O ministro Gilmar Mendes, do Supremo Tribunal Federal (STF), votou nesta sexta-feira (19) pela manutenção integral da decisão da Corte que declarou a inconstitucionalidade do marco temporal para demarcação de terras indígenas. O voto foi proferido durante julgamento virtual de recursos apresentados após o acórdão de dezembro de 2025, que invalidou a tese de que indígenas só teriam direito às terras que ocupavam em 5 de outubro de 1988 ou que estavam em disputa judicial na época.

Até o momento, o placar está 1 a 0 pela manutenção da íntegra do julgamento. A sessão virtual está prevista para encerrar na sexta-feira (26).

Contexto do marco temporal

Em 2023, o STF já havia considerado o marco temporal inconstitucional. Na sequência, o presidente Luiz Inácio Lula da Silva vetou parte da Lei 14.701/2023, que validava a regra, mas o Congresso derrubou o veto. A decisão definitiva do Supremo veio em dezembro de 2025, invalidando o marco de forma definitiva.

Recursos e argumentos

Os recursos foram protocolados pela Articulação dos Povos Indígenas do Brasil (APIB) e pelos partidos PT, PV, PC do B, PSOL e Rede Sustentabilidade. Os embargantes pediam a suspensão da eficácia da decisão até o julgamento final dos recursos. A APIB também alegou que os conflitos em áreas indígenas se agravaram após a decisão.

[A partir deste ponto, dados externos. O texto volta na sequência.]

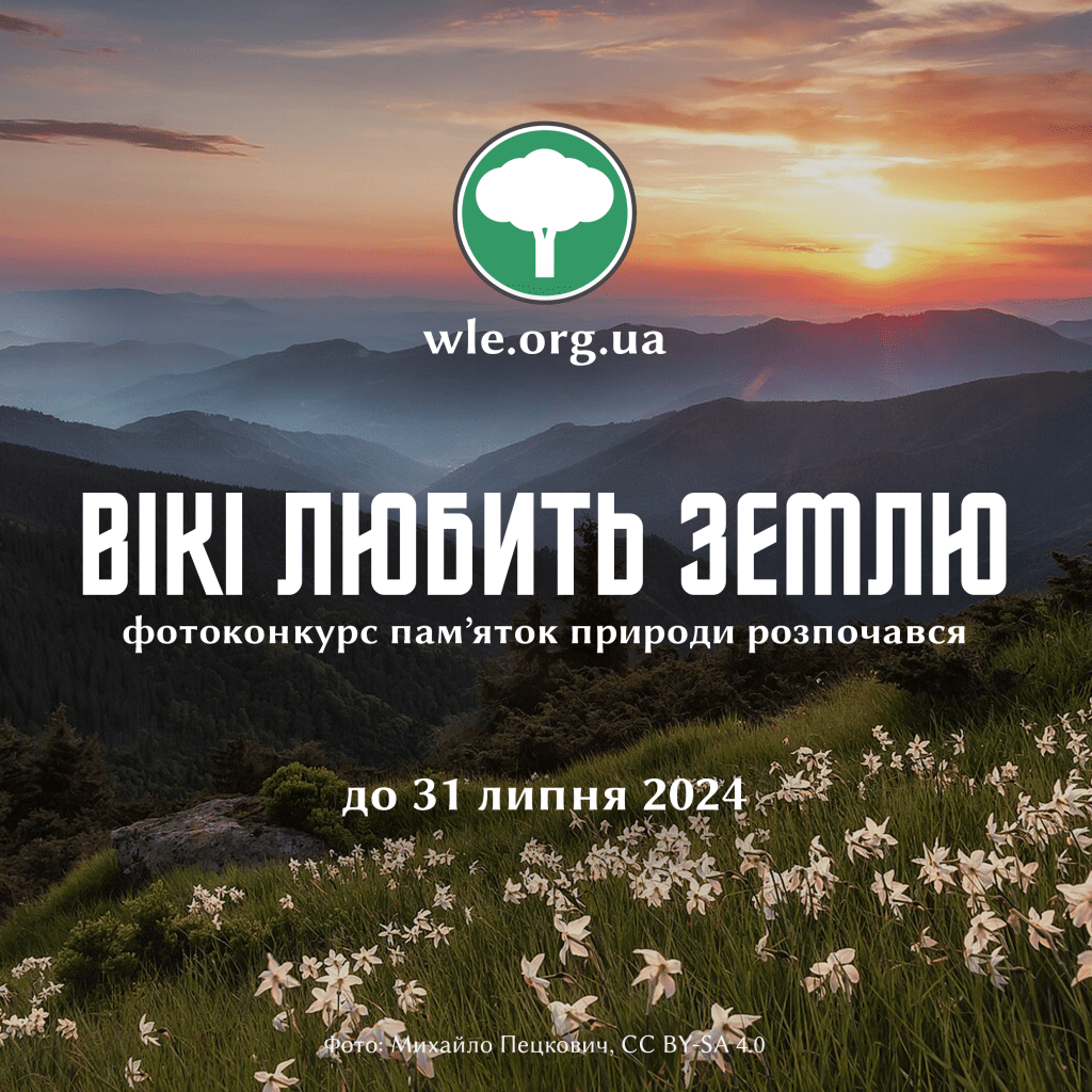 До 31 липня в Україні триває найбільший у світі фотоконкурс памʼяток природи «Вікі любить Землю» (Wiki Loves Earth) 2024. Метою проєкту є зібрати якісні світлини об’єктів природно-заповідного фонду для ілюстрування статей у Вікіпедії.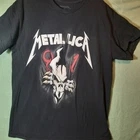This Metallica 81 Skull Band T-Shirt is a must-have for any heavy metal fan. The shirt features a solid black color with a crew neckline and short sleeves. The regular fit and jersey fabric type make it comfortable to wear, while the logo accents and band theme add a touch of rock-and-roll style. Machine washable and made of cotton, this unisex adult t-shirt is perfect for casual wear or concert nights. The size medium fits true to size, and the distressed details give it a unique edge. Add this t-shirt to your collection and show off your love for Metallica.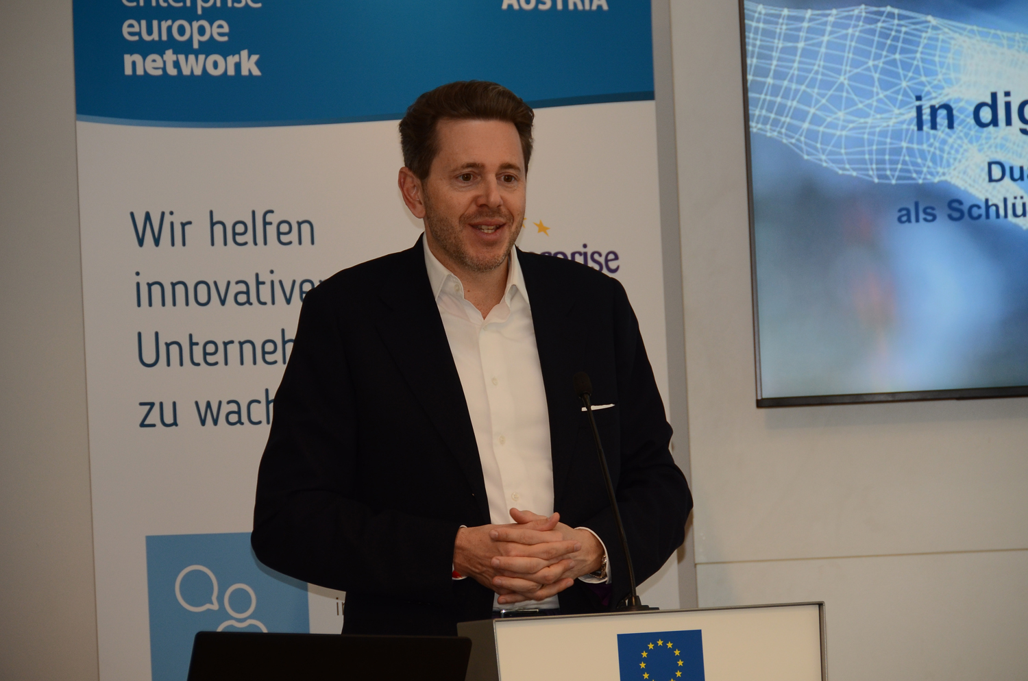 DI Jozef Vasak, wirtschaftspolitischer Berater der Vertretung der Europäischen Kommission in Österreich, wies in der Begrüßung auf die Tragweite und die Herausforderungen der Digitalisierung für alle Bereiche der Wirtschaft und der Bildung hin.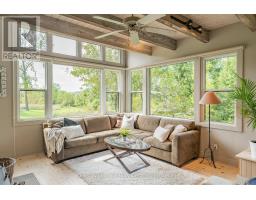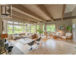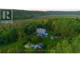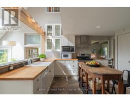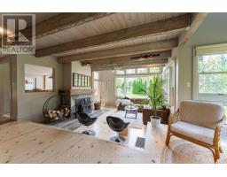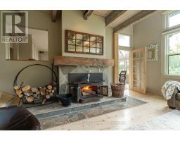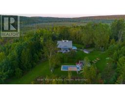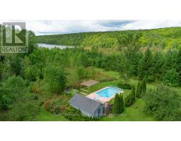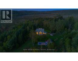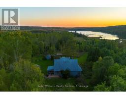 Tucked into 25 acres of forested privacy and stretching across 900+ feet of shoreline on wild and raw Gowan Lake, this is a retreat you'll never want to leave. One of just two homes on the Lake, with nothing but protected forest in every direction, this custom-designed chalet was built to celebrate privacy, presence, and peace. Inside, you'll find 2,400 sq ft of designer-curated interiors, where every detail reflects the natural surroundings: velvety hand-stained pine flooring, rustic timber beams, natural slate, and soft earthy tones that bring the outdoors in. A stunning atrium dining room with 24-foot vaulted ceilings frames the forest like art, while the farmhouse kitchen--with fresh white cabinetry, butcher block countertops, and apron sink--offers a bright and functional space for slow mornings and shared meals. The sunken California-style living room rises as an architectural showpiece, wrapped in windows, anchored by a stone-clad wood-burning fireplace, and finished with tongue-and-groove ceilings. Upstairs, the lofted primary suite is open, airy, and beautifully bespoke, with 18-foot ceilings and a private balcony overlooking Gowan Lake--the perfect place to watch the sun rise or the fog lift off the water. Two more bedrooms on this level share a thoughtful 4-piece bath with a soaker tub and separate water closet. Above, 2 ladder-accessed loft bedrooms create a whimsical hideaway for the littlest adventurers. Outdoor living is as extraordinary as the indoors. Wrap-around deck, a screened-in sunroom, private loop trail, and a gentle path to the water's edge. A 28-foot-long saltwater pool, tucked into the trees, adds an unexpected touch of luxury for warm autumn mornings or summer afternoons. And with fibre-optic internet, you're as connected as you want to be--and as off-grid as you need. This isn't just a lakefront property. It's a soulful, style-forward sanctuary. Gowan Lake isn't for everyone... just the lucky few. (id:46441)

Gilmar Mendes, no entanto, entendeu que a suspensão poderia comprometer a segurança jurídica. Em seu voto, afirmou: “Vislumbro que eventual suspensão do acórdão acarretaria risco de dano grave ou de difícil reparação reverso, tendo em vista a necessidade de se conferir segurança jurídica às questões indígenas, por meio da implementação das determinações constantes do acórdão.”

Sobre a falta de consulta prévia aos povos originários, conforme a Convenção 169 da Organização Internacional do Trabalho (OIT), Mendes argumentou que a exigência inviabilizaria o processo legislativo, especialmente diante das mais de 391 etnias identificadas no Censo 2022 do IBGE.

Críticas de entidades indígenas

Embora o marco temporal tenha sido derrubado, entidades de proteção aos indígenas apontam que retrocessos foram mantidos, como a possibilidade de indenização para invasores que fizeram benfeitorias de “boa-fé”, a flexibilização da consulta prévia e outras questões que podem dificultar as demarcações.